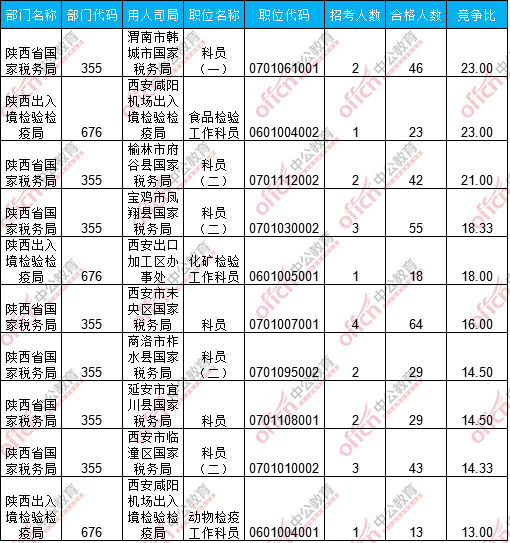 報(bào)名通過審核人數(shù)前十的職位主要集中在陜西省國家稅務(wù)局以及陜西出入境檢驗(yàn)檢疫局這兩個(gè)部門,具體信息如下:
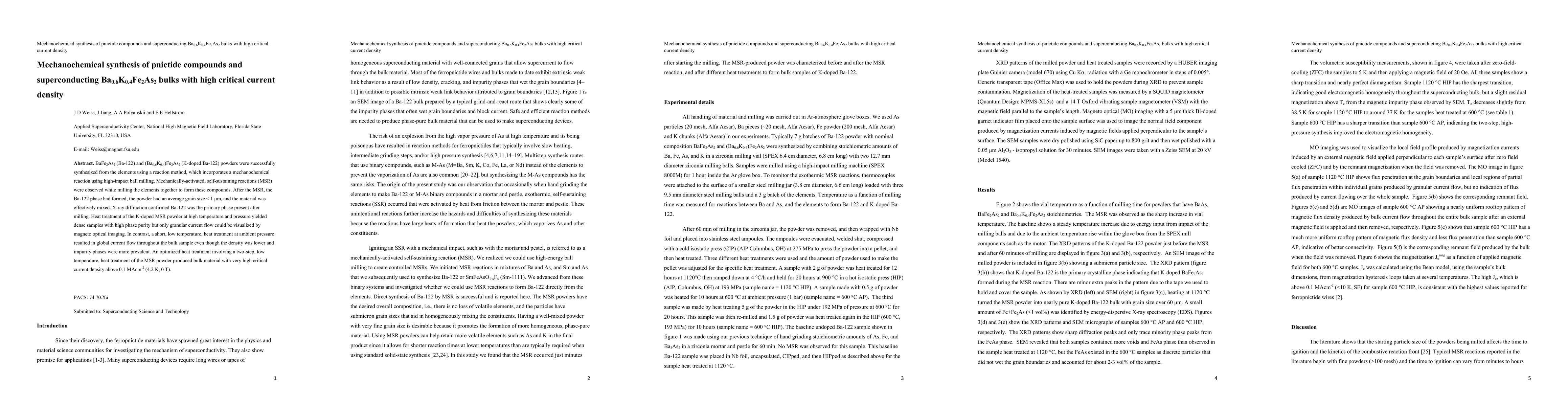 BaFe2As2 (Ba-122) and (Ba0.6K0.4)Fe2As2 (K-doped Ba-122) powders were successfully synthesized from the elements using a reaction method, which incorporates a mechanochemical reaction using high-impact ball milling. Mechanically-activated, self-sustaining reactions (MSR) were observed while milling the elements together to form these compounds. After the MSR, the Ba-122 phase had formed, the powder had an average grain size < 1 {\mu}m, and the material was effectively mixed. X-ray diffraction confirmed Ba-122 was the primary phase present after milling. Heat treatment of the K-doped MSR powder at high temperature and pressure yielded dense samples with high phase purity but only granular current flow could be visualized by magneto optical imaging. In contrast, a short, low temperature, heat treatment at ambient pressure resulted in global current flow throughout the bulk sample even though the density was lower and impurity phases were more prevalent. An optimized heat treatment involving a two-step, low temperature, heat treatment of the MSR powder produced bulk material with very high critical current density above 0.1 MAcm-2 (4.2 K, 0 T).
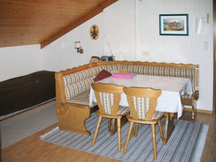 "Lassnig", 2-room apartment 60 m2 on 2nd floor. Simple and cosy furnishings: living/sleeping room with sloping ceilings with 2 sofabeds, dining table, satellite TV and radio. Exit to the balcony. 1 double bedroom with sloping ceilings. Exit to the balcony. Open kitchen (4 hot plates, oven, dishwasher, toaster, kettle, microwave, electric coffee machine).
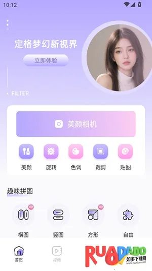 3、多种功能供用户选择,可微调裁剪图片、进行视频拼图、使用滤镜等。完成修改或调整后能直接导出保存到相册并分享到其他平台。
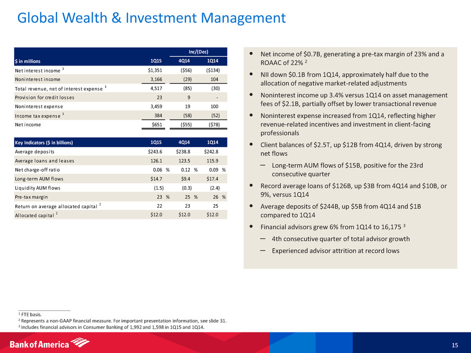 Consumer Banking Trends 14 • #1 Retail Deposit Market Share 1 • #3 in U.S. Credit Card 2 • #1 Home Equity Lender 2 • #2 in J.D. Power Primary Mortgage Origination Satisfaction Study • #1 in Mobile Banking 3 • #2 Small Business Lender 4 • #1 in Prime Auto Credit distribution among peers 5 Leading Consumer Franchise Full Time Equivalent Employees 73,018 72,474 71,391 68,537 66,820 6,566 6,725 6,871 6,829 6,911 2,000 4,000 6,000 8,000 10,000 20,000 40,000 60,000 80,000 1Q14 2Q14 3Q14 4Q14 1Q15 FTEs Sales specialists 1.15 1.15 1.22 1.33 1.17 0.99 1.04 1.09 1.04 0.97 0.18 0.24 0.21 0.19 0.29 0.26 0.16 0.16 0.23 0.16 $2.58 $2.59 $2.67 $2.79 $2.58 $0 $1 $2 $3 1Q14 2Q14 3Q14 4Q14 1Q15 Card income Service charges Mortgage banking income All other income Total Noninterest Income ($B) Total Mortgage Production ($B) 6 8.9 11.1 11.7 11.6 13.7 2.0 2.6 3.2 3.4 3.2 $10.8 $13.7 $15.0 $15.0 $16.9 $0 $3 $6 $9 $12 $15 $18 1Q14 2Q14 3Q14 4Q14 1Q15 Residential mortgage loans Home equity Consumer Client Balances (EOP, $B) 522 515 516 524 549 195 197 198 202 200 100 106 109 114 118 $816 $818 $823 $840 $868 $0 $250 $500 $750 $1,000 1Q14 2Q14 3Q14 4Q14 1Q15 Deposits Loans and leases Client brokerage assets ____________________ Note: Amounts may not total due to rounding. 1 Source: SNL branch data. U.S. retail deposit market share in BAC footprint based on June 2014 FDIC deposit data, adjusted to remove commercial balances. 2 Source: Competitor 4Q14 earnings releases. 3 Source: Keynote, 1Q15 Mobile Banking Scorecard. 4 Source: FDIC as of June 30, 2014. 5 Largest percentage of mix of 740+ Scorex customers among key competitors as of January 2015. Source: Total Units Experian Autocount Risk Loan Analysis Scorex + (Loans, New & Used, Franchised Dealers). 6 Total mortgage production includes first mortgage and home equity originations in Consumer Banking and GWIM. Amounts represent the unpaid principal balance of loans, and in the case of HELOCs, the principal amount of the line of credit.
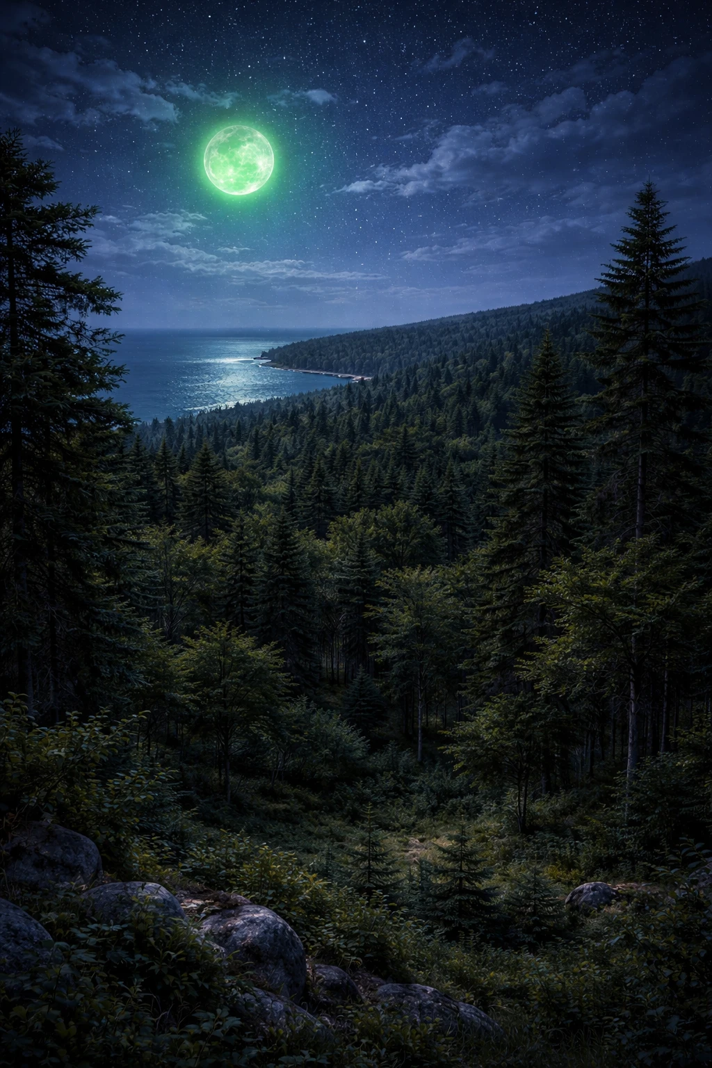 The Moonglade Forest stretches across the western tip of Zerith, a dense and enduring woodland of oak and pine that meets the sea along rugged, mist-lined shores. Though smaller in scale than the great Daelen Wood, the Moonglade is no less formidable—its thick canopy, uneven terrain, and shifting undergrowth make travel difficult for those unfamiliar with its paths. To those who know it, however, the forest reveals a quieter rhythm, one shaped by wind through the trees, the pull of the tides, and the steady turning of the moons overhead.

REQUIREMENT -
Repeat exactly the lines above, beginning at the one containing "electric coffee machine)." and ending at the one containing "3、多种功能供用户选择,可微". Do not carry over any pictures.

EXERCISE RESULT -
 "Lassnig", 2-room apartment 60 m2 on 2nd floor. Simple and cosy furnishings: living/sleeping room with sloping ceilings with 2 sofabeds, dining table, satellite TV and radio. Exit to the balcony. 1 double bedroom with sloping ceilings. Exit to the balcony. Open kitchen (4 hot plates, oven, dishwasher, toaster, kettle, microwave, electric coffee machine).
 3、多种功能供用户选择,可微调裁剪图片、进行视频拼图、使用滤镜等。完成修改或调整后能直接导出保存到相册并分享到其他平台。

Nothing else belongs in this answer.